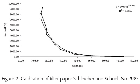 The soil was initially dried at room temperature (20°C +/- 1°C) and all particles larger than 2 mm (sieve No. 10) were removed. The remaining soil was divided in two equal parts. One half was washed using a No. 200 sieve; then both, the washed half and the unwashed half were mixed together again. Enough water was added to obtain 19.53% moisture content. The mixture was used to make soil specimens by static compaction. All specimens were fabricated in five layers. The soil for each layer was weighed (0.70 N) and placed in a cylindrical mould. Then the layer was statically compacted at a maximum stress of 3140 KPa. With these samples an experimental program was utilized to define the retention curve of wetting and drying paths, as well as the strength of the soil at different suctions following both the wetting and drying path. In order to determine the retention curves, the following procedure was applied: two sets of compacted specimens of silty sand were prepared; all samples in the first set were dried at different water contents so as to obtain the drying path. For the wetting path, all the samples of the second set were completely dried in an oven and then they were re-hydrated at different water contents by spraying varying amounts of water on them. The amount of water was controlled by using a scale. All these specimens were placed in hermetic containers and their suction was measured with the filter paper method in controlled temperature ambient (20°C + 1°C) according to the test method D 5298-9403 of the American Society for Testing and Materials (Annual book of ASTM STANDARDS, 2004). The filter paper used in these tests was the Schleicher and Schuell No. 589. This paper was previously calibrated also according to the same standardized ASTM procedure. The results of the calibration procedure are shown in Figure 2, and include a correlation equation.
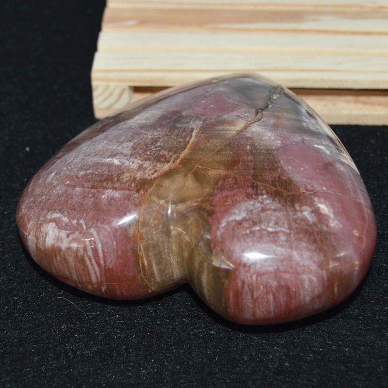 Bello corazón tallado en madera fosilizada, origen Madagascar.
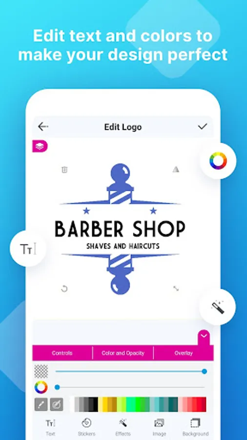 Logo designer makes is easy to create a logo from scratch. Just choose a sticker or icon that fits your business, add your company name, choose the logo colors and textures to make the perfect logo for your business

^^^^^^^^^^^^^^^^

Task brief | Print the listing word for word but skip its pictures.

Task answer |
 The soil was initially dried at room temperature (20°C +/- 1°C) and all particles larger than 2 mm (sieve No. 10) were removed. The remaining soil was divided in two equal parts. One half was washed using a No. 200 sieve; then both, the washed half and the unwashed half were mixed together again. Enough water was added to obtain 19.53% moisture content. The mixture was used to make soil specimens by static compaction. All specimens were fabricated in five layers. The soil for each layer was weighed (0.70 N) and placed in a cylindrical mould. Then the layer was statically compacted at a maximum stress of 3140 KPa. With these samples an experimental program was utilized to define the retention curve of wetting and drying paths, as well as the strength of the soil at different suctions following both the wetting and drying path. In order to determine the retention curves, the following procedure was applied: two sets of compacted specimens of silty sand were prepared; all samples in the first set were dried at different water contents so as to obtain the drying path. For the wetting path, all the samples of the second set were completely dried in an oven and then they were re-hydrated at different water contents by spraying varying amounts of water on them. The amount of water was controlled by using a scale. All these specimens were placed in hermetic containers and their suction was measured with the filter paper method in controlled temperature ambient (20°C + 1°C) according to the test method D 5298-9403 of the American Society for Testing and Materials (Annual book of ASTM STANDARDS, 2004). The filter paper used in these tests was the Schleicher and Schuell No. 589. This paper was previously calibrated also according to the same standardized ASTM procedure. The results of the calibration procedure are shown in Figure 2, and include a correlation equation.
 Bello corazón tallado en madera fosilizada, origen Madagascar.
 Logo designer makes is easy to create a logo from scratch. Just choose a sticker or icon that fits your business, add your company name, choose the logo colors and textures to make the perfect logo for your business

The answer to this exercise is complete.